Construire une église

                Construire une église est une source de joie. Penser et réaliser une église de haute montagne procurent les plus grands enthousiasmes, les plus intenses émotions.

                Mes premières recherches datent de l’automne 1966. Avec le curé d’Huez, père de cette église, nous avons échangé nos pensées et nos avis sur sa composition et sur sa structure, sur les symboles qu’elle devait traduire.

                Dans le même temps, le curé m’instruisait sur les équipements fonctionnels nécessaires à une église de haute montagne.

                Si je vous décris Notre-Dame des Neiges, sachez tout d’abord qu’elle se situe dans un site admirable à peu de distance de la chapelle actuelle. Elle se silhouettera sur l’horizon des montagnes au sud. Son architecture est simple, accrochée au sol, mais donnant par sa forme un sentiment d’élévation. En période de grande neige, le toit descendra jusqu’au sol. De ce cône blanc émergeront la croix et la vasque de bronze avec sa flamme. De nuit, comme de jour, l’église sera présente pour tous.
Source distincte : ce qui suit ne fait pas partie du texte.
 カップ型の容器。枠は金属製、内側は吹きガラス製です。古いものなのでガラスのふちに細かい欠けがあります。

                Pour sa construction, deux matériaux dominent : le granit du pays et le bois. L’entrée est prévue à l’ouest, protégée du vent de neige par un mur plein en maçonnerie cyclopéenne, fixant les congères, et par un auvent très débordant en béton armé.
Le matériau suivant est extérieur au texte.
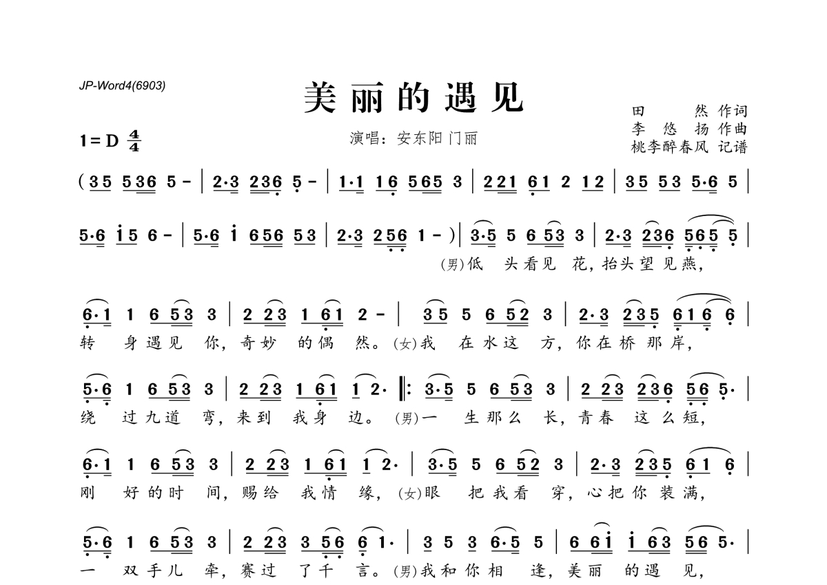 美丽的遇见简谱 - 安东阳&门丽演唱

                Le porche d’entrée distribue deux accès au sanctuaire. Un accès direct, sorte de tunnel volontairement sombre avec profil à gradins successifs, appelle la méditation. Il est un sas préparatoire entre la vie libre et insouciante des champs de neige et la prière.
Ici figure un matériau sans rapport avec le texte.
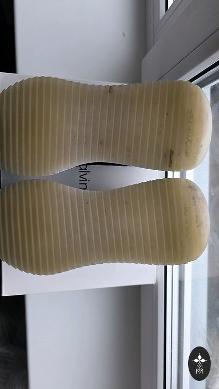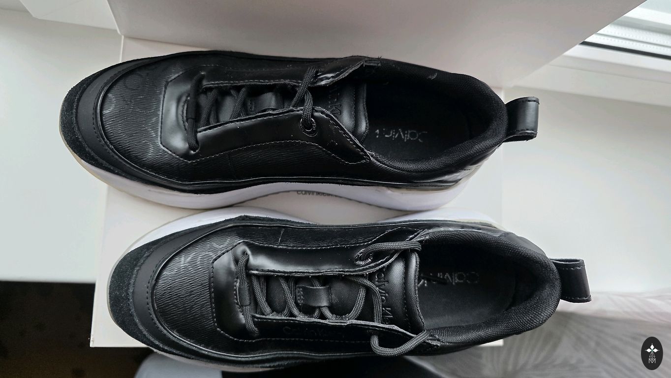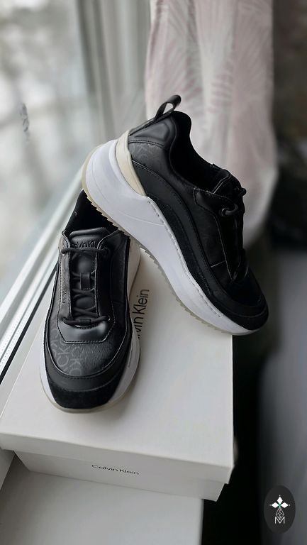 Müün musti Calvin Kleini kangast tosse, millel on valge tald ja logo paelad. Mugavad ja kerged, sobivad igapäevaseks kandmiseks.

                Un accès parallèle a été recherché pour les skieurs arrivant directement des pistes avec leur équipement de sport. En traversant les vestiaires avec râteliers à ski, les toilettes, une salle de relaxation avec boissons chaudes, ils arriveront également au sanctuaire dans les meilleures conditions de corps et d’esprit.

                La salle de relaxation peut également servir de crèche pour les enfants en bas âge. Ils y seront gardés et surveillés.

                Une salle de plus vaste dimension devait pouvoir servir de salle de réunion, de conversation, de contact entre les fidèles eux-mêmes. Son emplacement et son accès direct avec le sanctuaire permettraient après l’office de prolonger en commun, dans une ambiance d’amitié, la communauté de pensée née de la prière.

                Le sanctuaire est de forme circulaire. Les fidèles y pénètrent de part et d’autre de l’autel. Ils sont ainsi amenés à se rapprocher du prêtre. Il est prévu 400 places assises et 400 places debout sous la galerie périmétrique.

                L’autel est situé sous le puits de lumière. Ce puits de lumière qui apparaît en façade comme dominante de la composition est partagée dans sa partie basse, en deux parties. La plus importante éclairant l’autel, l’autre les fonts baptismaux à l’extrémité du tunnel d’accès.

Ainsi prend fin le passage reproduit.